BTW, the issue can be reproduced 100% by:

echo "deadlock" > /sys/block/$ROOT_DISK/queue/scheduler

> 
> This seems like the neatest (or shortest) fix so far, but doesn't it
> "mix up layers" by checking elv_iosched_store?

It is just one exception for 'scheduler' sysfs attribute wrt. freezing
queue for storing, and the check can be done via the attribute
name("scheduler") too.


Thanks, 
Ming
Richard W.M. Jones Sept. 7, 2024, 11:14 a.m. UTC | #11
On Sat, Sep 07, 2024 at 07:02:30PM +0800, Ming Lei wrote:
> BTW, the issue can be reproduced 100% by:
> 
> echo "deadlock" > /sys/block/$ROOT_DISK/queue/scheduler

That doesn't reproduce it for me (reliably).  Although I'm not
surprised as this bug has been _very_ tricky to reproduce!  Sometimes
I think I have a definite reproducer, only for it to go away when some
tiny detail changes.

> > This seems like the neatest (or shortest) fix so far, but doesn't it
> > "mix up layers" by checking elv_iosched_store?
> 
> It is just one exception for 'scheduler' sysfs attribute wrt. freezing
> queue for storing, and the check can be done via the attribute
> name("scheduler") too.

Fair enough.

Rich.
Jens Axboe Sept. 7, 2024, 1:50 p.m.

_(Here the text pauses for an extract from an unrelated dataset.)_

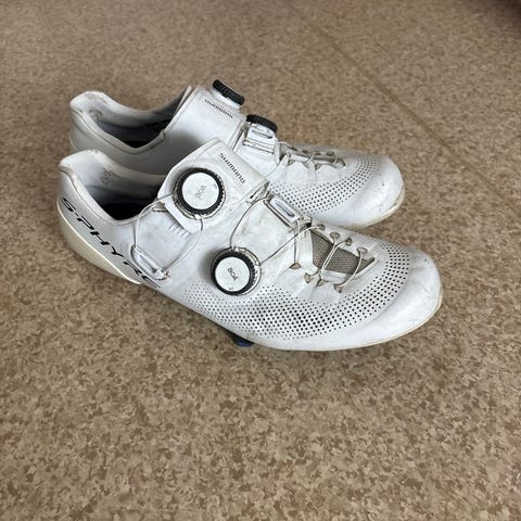 Lake CX219 sykkelsko i størrelse 45. Modellen er en landeveissko med hvit overdel og svarte detaljer. Skoene har perforert overdel for ventilasjon og strammesystem med dreiehjul og vaier for jevn tilpasning. Sålen er tilpasset landeveispedaler med tre skruehull (3-bolt cleat-standard). Egnet for landeveissykling og trening der det ønskes stive sykkelsko med god passform.

UTC | #12
On 9/7/24 3:04 AM, Damien Le Moal wrote:
> On 9/7/24 16:58, Ming Lei wrote:
>> On Sat, Sep 07, 2024 at 08:35:22AM +0100, Richard W.M. Jones wrote:
>>> On Sat, Sep 07, 2024 at 09:43:31AM +0800, Ming Lei wrote:
>>>> When switching io scheduler via sysfs, 'request_module' may be called
>>>> if the specified scheduler doesn't exist.
>>>>
>>>> This was has deadlock risk because the module may be stored on FS behind
>>>> our disk since request queue is frozen before switching its elevator.
>>>>
>>>> Fix it by returning -EDEADLK in case that the disk is claimed, which
>>>> can be thought as one signal that the disk is mounted.
>>>>
>>>> Some distributions(Fedora) simulates the original kernel command line of
>>>> 'elevator=foo' via 'echo foo > /sys/block/$DISK/queue/scheduler', and boot
>>>> hang is triggered.
>>>>
>>>> Cc: Richard Jones <rjones@redhat.com>
>>>> Cc: Jeff Moyer <jmoyer@redhat.com>
>>>> Cc: Jiri Jaburek <jjaburek@redhat.com>
>>>> Signed-off-by: Ming Lei <ming.lei@redhat.com>
>>>
>>> I'd suggest also:
>>>
>>> Bug: https://bugzilla.kernel.org/show_bug.cgi?id=219166
>>> Reported-by: Richard W.M. Jones <rjones@redhat.com>
>>> Reported-by: Jiri Jaburek <jjaburek@redhat.com>
>>> Tested-by: Richard W.M. Jones <rjones@redhat.com>
>>>
>>> So I have tested this patch and it does fix the issue, at the possible
>>> cost that now setting the scheduler can fail:
>>>
>>>   + for f in /sys/block/{h,s,ub,v}d*/queue/scheduler
>>>   + echo noop
>>>   /init: line 109: echo: write error: Resource deadlock avoided
>>>
>>> (I know I'm setting it to an impossible value here, but this could
>>> also happen when setting it to a valid one.)
>>
>> Actually in most of dist, io-schedulers are built-in, so request_module
>> is just a nop, but meta IO must be started.
>>
>>>
>>> Since almost no one checks the result of 'echo foo > /sys/...'  that
>>> would probably mean that sometimes a desired setting is silently not
>>> set.
>>
>> As I mentioned, io-schedulers are built-in for most of dist, so
>> request_module isn't called in case of one valid io-sched.
>>
>>>
>>> Also I bisected this bug yesterday and found it was caused by (or,
>>> more likely, exposed by):
>>>
>>>   commit af2814149883e2c1851866ea2afcd8eadc040f79
>>>   Author: Christoph Hellwig <hch@lst.de>
>>>   Date:   Mon Jun 17 08:04:38 2024 +0200
>>>
>>>     block: freeze the queue in queue_attr_store
>>>     
>>>     queue_attr_store updates attributes used to control generating I/O, and
>>>     can cause malformed bios if changed with I/O in flight.  Freeze the queue
>>>     in common code instead of adding it to almost every attribute.
>>>
>>> Reverting this commit on top of git head also fixes the problem.
>>>
>>> Why did this commit expose the problem?
>>
>> That is really the 1st bad commit which moves queue freezing before
>> calling request_module(), originally we won't freeze queue until
>> we have to do it.
>>
>> Another candidate fix is to revert it, or at least not do it
>> for storing elevator attribute.
> 
> I do not think that reverting is acceptable. Rather, a proper fix would simply
> be to do the request_module() before freezing the queue.
> Something like below should work (totally untested and that may be overkill).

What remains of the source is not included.